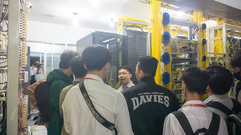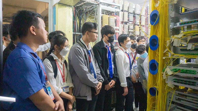 Continuing the program, under the guidance of VNPT Binh Thuan officials and employees, UPT students visited VNPT’s Information Technology Data Center. In each area, students can access and listen to information about network infrastructure, data storage systems and advanced technologies currently being applied… In addition, students also have the opportunity to opportunity to exchange and ask questions with officials working at VNPT headquarters, thereby accumulating a lot of practical work experience and necessary skills to effectively serve the work process after graduation. graduate.
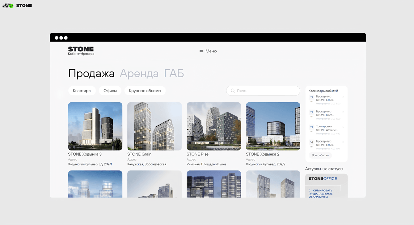 Вместе со STONE мы поставили перед собой цель — создать эффективный инструмент для работы брокеров, который будет соответствовать уровню компании. Нужно было упростить запись на мероприятия и собрать всю информацию для агентов недвижимости в одном месте. Важно было запустить кабинет брокера до Нового года, то есть за 2 месяца. При этом качество продукта должно было оставаться на высшем уровне.
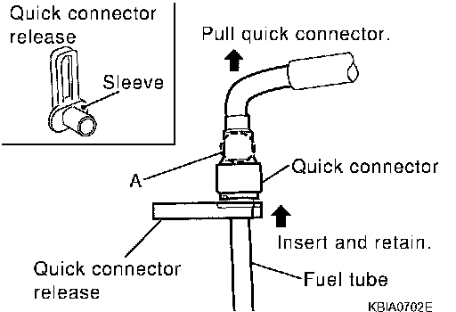 d. Pull quick connector by hand holding A position. Make sure it is completely engaged (connected) so that it does not come out from fuel tube.

Required action
An exact copy of the data above is required, printed without its pictures.

Exercise result
 Continuing the program, under the guidance of VNPT Binh Thuan officials and employees, UPT students visited VNPT’s Information Technology Data Center. In each area, students can access and listen to information about network infrastructure, data storage systems and advanced technologies currently being applied… In addition, students also have the opportunity to opportunity to exchange and ask questions with officials working at VNPT headquarters, thereby accumulating a lot of practical work experience and necessary skills to effectively serve the work process after graduation. graduate.
 Вместе со STONE мы поставили перед собой цель — создать эффективный инструмент для работы брокеров, который будет соответствовать уровню компании. Нужно было упростить запись на мероприятия и собрать всю информацию для агентов недвижимости в одном месте. Важно было запустить кабинет брокера до Нового года, то есть за 2 месяца. При этом качество продукта должно было оставаться на высшем уровне.
 d. Pull quick connector by hand holding A position. Make sure it is completely engaged (connected) so that it does not come out from fuel tube.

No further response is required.